TASK GOAL: Find and copy the lines in the records beneath this task that contain the word "with".

INFORMATION PROVIDED:
☆ ☆ ☆ ☆

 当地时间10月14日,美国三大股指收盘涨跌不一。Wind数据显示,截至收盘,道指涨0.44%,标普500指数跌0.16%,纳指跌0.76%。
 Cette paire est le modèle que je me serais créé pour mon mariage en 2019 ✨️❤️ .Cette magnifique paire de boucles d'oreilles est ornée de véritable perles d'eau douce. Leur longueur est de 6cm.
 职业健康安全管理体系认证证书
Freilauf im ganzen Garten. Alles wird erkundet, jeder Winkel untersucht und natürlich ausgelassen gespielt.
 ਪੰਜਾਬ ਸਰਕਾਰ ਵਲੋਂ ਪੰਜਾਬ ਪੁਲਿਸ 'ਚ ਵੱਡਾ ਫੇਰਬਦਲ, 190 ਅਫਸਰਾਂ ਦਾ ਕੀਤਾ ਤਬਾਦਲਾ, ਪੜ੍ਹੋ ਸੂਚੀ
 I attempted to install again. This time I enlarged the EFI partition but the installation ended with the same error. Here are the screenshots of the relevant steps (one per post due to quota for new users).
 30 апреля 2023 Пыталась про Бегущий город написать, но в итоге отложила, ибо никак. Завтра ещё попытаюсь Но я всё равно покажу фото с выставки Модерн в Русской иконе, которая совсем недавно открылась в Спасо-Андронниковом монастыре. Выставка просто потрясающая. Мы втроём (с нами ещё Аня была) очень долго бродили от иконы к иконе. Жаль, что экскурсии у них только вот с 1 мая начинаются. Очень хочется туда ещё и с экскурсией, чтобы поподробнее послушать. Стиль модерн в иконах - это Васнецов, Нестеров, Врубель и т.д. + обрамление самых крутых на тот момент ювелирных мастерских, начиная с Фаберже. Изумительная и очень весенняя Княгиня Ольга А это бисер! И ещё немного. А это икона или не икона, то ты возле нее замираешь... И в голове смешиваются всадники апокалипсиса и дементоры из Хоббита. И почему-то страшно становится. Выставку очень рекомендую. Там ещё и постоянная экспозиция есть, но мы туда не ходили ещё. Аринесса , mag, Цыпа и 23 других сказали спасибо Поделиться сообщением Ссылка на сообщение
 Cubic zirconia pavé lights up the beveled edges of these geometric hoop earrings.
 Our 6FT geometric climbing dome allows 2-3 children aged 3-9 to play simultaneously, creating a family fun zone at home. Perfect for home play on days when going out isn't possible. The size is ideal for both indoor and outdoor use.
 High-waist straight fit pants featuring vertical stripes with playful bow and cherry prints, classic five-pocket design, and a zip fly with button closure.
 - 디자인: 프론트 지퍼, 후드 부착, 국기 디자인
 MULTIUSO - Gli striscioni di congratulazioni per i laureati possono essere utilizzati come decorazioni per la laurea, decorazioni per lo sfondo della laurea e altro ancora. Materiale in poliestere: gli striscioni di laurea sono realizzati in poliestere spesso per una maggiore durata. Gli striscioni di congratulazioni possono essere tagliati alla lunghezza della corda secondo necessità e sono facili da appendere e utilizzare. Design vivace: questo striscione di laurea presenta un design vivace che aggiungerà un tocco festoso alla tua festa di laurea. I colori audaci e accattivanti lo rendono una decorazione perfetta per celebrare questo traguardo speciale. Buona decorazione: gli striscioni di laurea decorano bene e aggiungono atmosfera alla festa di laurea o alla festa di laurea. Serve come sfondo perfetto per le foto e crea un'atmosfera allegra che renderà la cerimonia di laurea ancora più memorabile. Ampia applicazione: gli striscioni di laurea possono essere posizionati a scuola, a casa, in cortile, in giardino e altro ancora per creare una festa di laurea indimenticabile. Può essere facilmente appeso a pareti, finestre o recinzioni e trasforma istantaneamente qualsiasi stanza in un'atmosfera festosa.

☆ ☆ ☆ ☆

EXERCISE SOLUTION:
 I attempted to install again. This time I enlarged the EFI partition but the installation ended with the same error. Here are the screenshots of the relevant steps (one per post due to quota for new users).
 High-waist straight fit pants featuring vertical stripes with playful bow and cherry prints, classic five-pocket design, and a zip fly with button closure.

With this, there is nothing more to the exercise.